El banco de baterias, usualmente se usan baterias de carro, dependiendo de la corriente necesaria sera la cantidad de corriente disponible.

Una bateria de carro te proporciona 12V CC con un promedio en corriente de 100A/hora, si tu consumo maximo sera de 20A/h una bateria podra soportar unas 5 horas.

Necesitas comprar o fabricar un UPS o inversor para convertir la CC en CA de 120V de 15 a 20A.

Para cargar las baterias necesitaras una tension en directa de 14 a 15V y dependiendo de la cantidad de celdas que coloques en paralelo, sera la corriente para cargar las baterias.

No hay una regla en relacion a la cantidad de corriente que necesitas para cargar la bateria, pero entre mas corriente sea capas de entregarte los paneles solares la recarga sera mas rapida, para que sea aceptable la corriente devera pasar los 5A.

No es para desanimarte, pero por el momento no es conveniente que uses paneles solares por su alto costo, prueba con energia eolica, tal vez te convenga mas.

Exito.


----------



## Guest (Jun 28, 2008)

francamente, le eolica a la larga te va a salir mas cara, en lo unico que tienes que reparar bien en una instalacion de estas es en las baterias, mas vale pasarte que quedarte corto, y mas si es para uso domestico.


----------



## Nilfred (Jun 30, 2008)

Veo que no sabes por donde empezar, te recomiendo buscar un límite, puede ser la superficie disponible para montar placas solares o el dinero del que dispongas para el proyecto.

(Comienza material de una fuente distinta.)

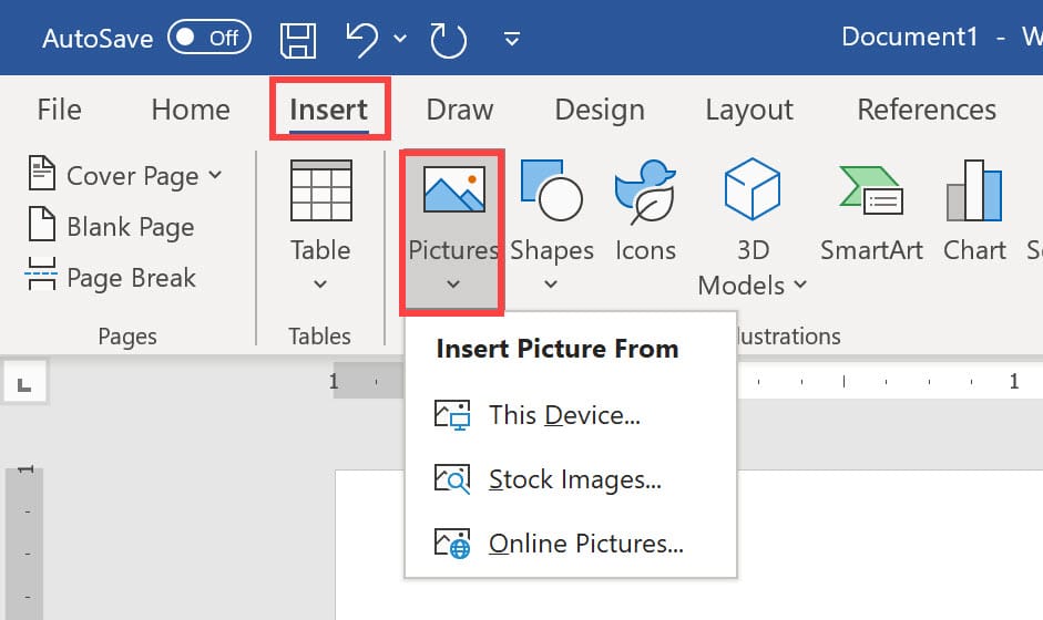 1. Click the **Insert** Tab 2. Select **Pictures**, click **This Device**. You can also use Stock Images and Online Pictures, but it will most likely be This Device for signatures. 3. Resize and change the wrapping if needed.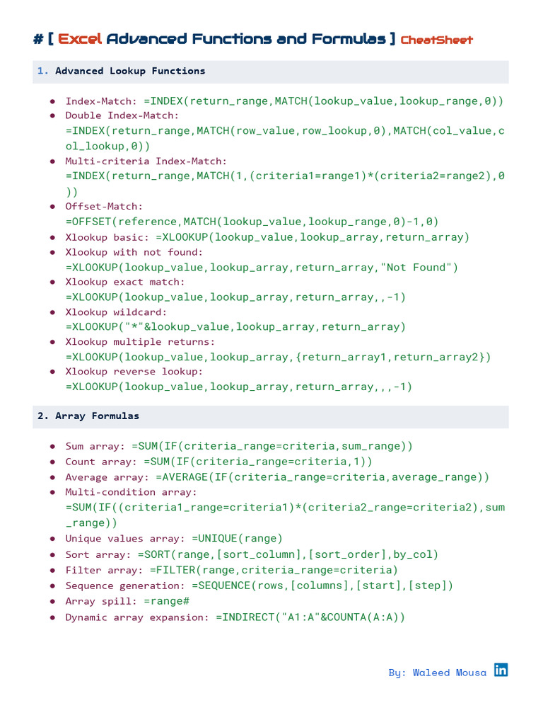 # [ Excel Advanced Functions and Formulas ] CheatSheet

Luego:
Cada uno de tus consumos debes convertirlos a W, multipicando V × A si ya no esta dado en W.
Luego debes estimar cuando tiempo en horas estará encendido de las 24hs que tiene el día y multiplicar por el valor anterior W × h = Wh
Sumas todos los consumos en Wh y tienes tu requerimiento maximo de energía diaria.

El sol tira en promedio aproximadamente 350W/m², para medición en laboratorio se usan 1000W/m², la eficiencia de la placa solar varía según su construcción:
15% a 17% Monocristalino 
10% a 12% Policristalino 
 8% a 10% Amorfo

Con la sperficie en m² que dispones y la cantidad de horas de sol por día (12hs) obtenes:
tus m² × 350W/m² × 0.17 × 12hs = Wh generados por día

Los Wh generados por día debe ser mayor que los consumidos, si no estas en el horno.

Los paneles se montan inclinados en un ángulo igual a tu Latitud, orientados hacia el Sur, si estas en el hemisferio Norte.

Finalmente tenes pérdidas por conversión, la conversión a CA es la peor. Se estila que la tensión final sea 12vCC y que los aparatos se adapten a esta tensión, hay CFL de 12v, etc.


----------



## curner (Jul 9, 2008)

es posible, que un sistem,a de estos, sirva para mantener calentores electricos encendidos, para mantener la tenperatura de 2 habitaciones.

parece ironico que si el sol no calienta lo soficiente(entre -5 y +10 grados centigrados), en invierno pueda producir suficiente energia para uno o 2 calentores electricos calienten las 2 habitaciones(recamaras)


----------



## Guest (Jul 9, 2008)

curner dijo:
			
		

> es posible, que un sistem,a de estos, sirva para mantener calentores electricos encendidos, para mantener la tenperatura de 2 habitaciones.
> 
> parece ironico que si el sol no calienta lo soficiente(entre -5 y +10 grados centigrados), en invierno pueda producir suficiente energia para uno o 2 calentores electricos calienten las 2 habitaciones(recamaras)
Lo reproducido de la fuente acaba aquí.